Ella no lo demostró, pero estas palabras suyas le encantaron. La tortura de Rosendo se prolongó un poco más. Ella se limpió la boca con una servilleta. La soltó, muy arruada, dentro de la copa vacía. Se puso de pie. Él se puso de pie al doble de velocidad. Ella caminó hacia la puerta. Él se adelantó abriéndosela. Caminaron unos metros. Alfonsina se detuvo delante de un portal.
—En este edificio vive mi amiga Nuria. Vamos a entrar.
—¿Por qué? —preguntó él creyendo que ella no pensaba cumplir su palabra.
—Porque lo digo yo —contundente ella.
—Si tú lo dices: perfecto —empezando a enojarse él.
Entraron. Alfonsina cerró la puerta. No había nadie en el pequeño vestíbulo donde se encontraba el ascensor. Ella risueña dijo:
—Ahora puedes besarme. No nos verá nadie.
Él esbozó una sonrisa de lobo feroz. La cogió de los hombros, la atrajo hacia él y pegó la boca a la boca de ella tan unida como si tuviese pegamento en los labios. Fue un beso largo, apasionado, casi violento por ambas partes.

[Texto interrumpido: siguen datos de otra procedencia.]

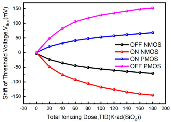 Total ionizing dose effect (TID) refers to the cumulative effect on the semiconductor devices caused by ionizing radiation over the exposition time [28,29]. Many research works have revealed that TID effect causes slow change of the deviceโs electrical properties, such as the transistorโs threshold voltage, off-state current, subthreshold swing and carrier mobility [30]. We test the impact of TID effect on the threshold voltages of both P-channel Metal Oxide Semiconductor (PMOS) and N-channel Metal Oxide Semiconductor (NMOS) transistors fabricated in 180 nm Bulk CMOS technology and experimental results are shown in Figure 1. The figure illustrates that TID induced threshold shift is dependent on device type (NMOS or PMOS) and voltage bias (on or off-state). The effect of radiation makes threshold voltage of NMOS lower (easier to switch on) for both the on/off states and the reduction is larger at on-state. Whereas, the effect of radiation makes the absolute value of threshold voltage of PMOS higher (more difficult to switch on) and the increment is larger at off-state.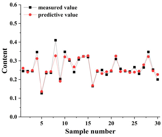 2 = 0.8579, RMSE = 0.0216, RPD = 2.6978. The predicted vs. measured values for this model are shown in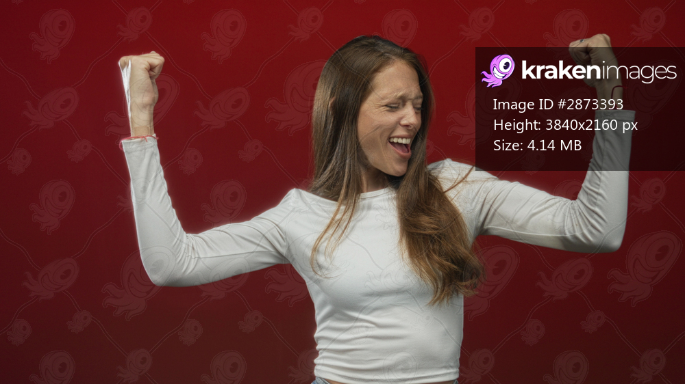Woman flexes fists in a red studio, smiling broadly with raised arms and clenched hands; joy empowerment.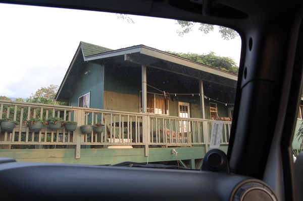Also auf nach Wailuku … und es ist unbeschreiblich. Wundervoll ist noch zu schwach umschrieben, enge schlechte Strassen, materialmordend und die Aussicht nicht in Worte und nur schwer in Bilder zu fassen ((wir gaben trotzdem unser Bestes)). Auf halber Strecke etwa stand ein in die Jahre gekommener Truck ((so ein Jeepdings mit 8 Liter Hubraum aus den 90ern)) mit 3 jungen Leuten vor der offenen Motorhaube ((ich glaube es war ein Bronco)).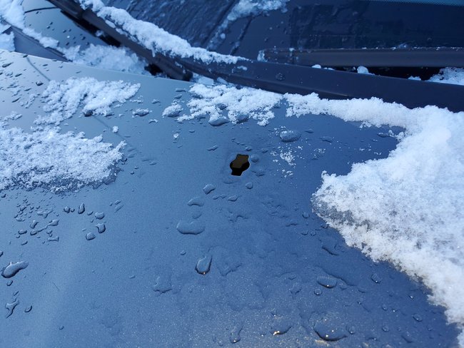 The picture below shows the open space where a button is supposed to be where the windshield washer exerts from to the windshield. Now, it only drips down to the hood of the car and to the ground. Is this an easy fix or is it complicated to fix.

—¡Qué bien besas! —reconoció ella, encantada.
—Y eso que tengo poquísima práctica —explicó él, ufano.
—Vamos a darnos otro beso —dijo ella deseosa, acalorada.
—Tus deseos son órdenes para mí —recobrada él la confianza en sí mismo,
A Alfonsina le gustaron tanto los besos de Rosendo que, en el futuro, no le hizo escribir más páginas en ninguna libreta.
Un hombre que era sabio, aunque no se llamaba Salomón, dijo: <<Las cosas solo se sabe si gustan, cuando se prueban>>.